Сидя в стороне, на плиточном полу гостиной, четыре женщины молчали, не вступая в беседу. Они не носили платков и лица не закрывали. Одетые по-европейски, они ничем не показывали ни согласия, ни неодобрения, но Пиб видел по их глазам, по выражению их лиц, что они не разделяют мыслей своих единоверцев-мужчин, что они пустились в путь только ради спасения жизни, что они не ждут лучшей доли по другую сторону Восточного фронта. Они улыбались ему, когда встречались с ним глазами, и в нежных складках их губ таилось больше обещаний, чем в яростных речах мужчин. Он вновь увидел маму на кухне их дома, со склоненной головой, с полузакрытыми глазами, стой невыразимой грустью, которая ощущалась в каждом ее движении. И он понял, что несчастье исходит не от ислама или христианства – виной всему люди, превращающие религии в безжалостные военные машины, виной всему недуг, разъедающий человечество с зари времен. Истиной не обладали ни христиане, ни усамы, следует просто бросить в огонь все религии, сжечь завистливых богов, сорвать ореол святости с земли и сутану со священников, развязать тюрбаны имамов, крикнуть каждому мужчине и каждой женщине, что ничего не надо воспринимать трагически, нужно полностью отдаться этой великолепной игре, которая называется…

Черт, вот он уже и думает, как Стеф.

Она угадала, что они найдут решение в этом жалком уголке побережья. Через три-четыре дня судно высадит их в Албании, это относительно надежный способ передвижения и существенный выигрыш во времени. Проводники взяли пять тысяч евро, как она и предполагала. Пиб опасался, что они избавятся от них, едва прикарманив деньги, но им стали раздавать спасательные жилеты.

– Зачем это? – спросил Мурад.

– Если корабль окружат военные патрульные катера, у вас не будет другого выхода, как прыгать за борт.

– И плыть до Албании?

Проводник пожал плечами.

– Корабль подберет вас, но вы прекрасно знали, что идете на риск.

– Каковы шансы напороться на патруль?

– Пятьдесят на пятьдесят. Есть также подводные лодки усамов. Они выходят из Черного моря через Босфор и топят все корабли без исключения.

– Если у нас только один шанс из двух уцелеть, вы должны вернуть нам половину денег!

Веселая улыбка осветила зловещее лицо вожака проводников, маленького брюнета, состоявшего из одних углов и страдающего тиком.

– Корабль подберет вас. Мы свою часть договора выполнили. Да и деньги ваши, потонете вы или перейдете фронт, вам уже не понадобятся.

– Где же он, ваш корабль?

– Возникли небольшие затруднения, скоро он подойдет.

После полудня сначала послышался рокот мотора, затем показался сам корабль. Небольшая, насквозь проржавевшая посудина – казалось невероятным, что она способна оставлять за собой такую ровную борозду. Проводник с бульдожьей мордой пришел за беженцами, которым незадолго до этого выдали пищу и воду. Пиб ничего не ел со вчерашнего дня и проглотил свои два сэндвича с такой жадностью, что едва не подавился. Он тут же пожалел о своей прожорливости: ощущения сытости не было, зато хлеб навалился на желудок, словно камень.

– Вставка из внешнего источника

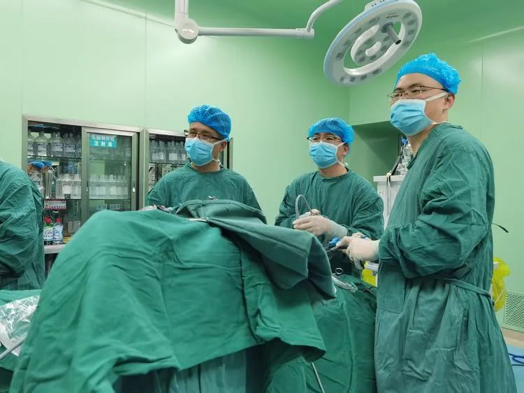 為最大程度的保障術中安全,麻醉科邀請集團麻醉科醫療中心劉侖院長為其實插管全身麻醉,廣濟醫院麻醉科主任蔔美林、朱瑾醫師配合實時監控患者狀态。集團總院普外科醫療中心曹輝主任主刀,經過嚴格的麻醉管理,老人生命體征平穩,在手術室團隊的密切配合下,曹輝主任帶領團隊為其順利行腹腔鏡輔助下乙狀結腸癌根治術。
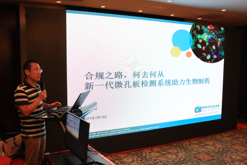Yin Di, MD product line manager of MD company, gave a keynote speech on "The road to compliance, where to go - a new generation of microplate detection system to help biopharmaceuticals"

Беженцы спустились по тропинке в бухту, где они со Стеф купались. Судно стояло на якоре, и мотор работал вполсилы, с глухим урчанием. Маленький траулер, подлатанный на скорую руку, в очень скверном состоянии, на первый взгляд не способный вообще добраться до албанского побережья. Вожак проводников коротко переговорил с капитаном, мужчиной лет пятидесяти с обветренным лицом и взлохмаченными жирными волосами. Ветер относил звук голосов в сторону моря. Все надежды беженцев были заключены теперь в этой жалкой посудине. За четыре дня им, конечно, не миновать шторма. Капитан повернулся и уставился на Стеф похотливым взором. Проводник вручил ему пачку банкнот, он тщательно пересчитал их, затем сунул в карман матросской блузы и широким жестом подал сигнал всходить на борт.

Беженцы сгрудились на бывшей рыболовной палубе, на корме. Проводники стали подниматься по тропинке, не попрощавшись с ними и не пожелав им удачи.

– За тридцать евро они бы продали и мать с отцом, – бросил Мурад, указывая на три фигурки на скалах. – У них вместо сердца кошелек. Указы об изгнании европейских мусульман для них манна небесная.

Траулер со скрежетом снялся с якоря и двинулся в противоположную от заходящего солнца сторону. Силуэт капитана угадывался за грязными стеклами командирской рубки. Корабль насквозь провонял рыбой. Из двух труб вырывались клубы черного дыма с сильным душком мазута. Опершись о поручни, Пиб зачарованно смотрел на след, оставленный винтами.

– Ты в первый раз плывешь по морю, Пиб? – спросила Стеф.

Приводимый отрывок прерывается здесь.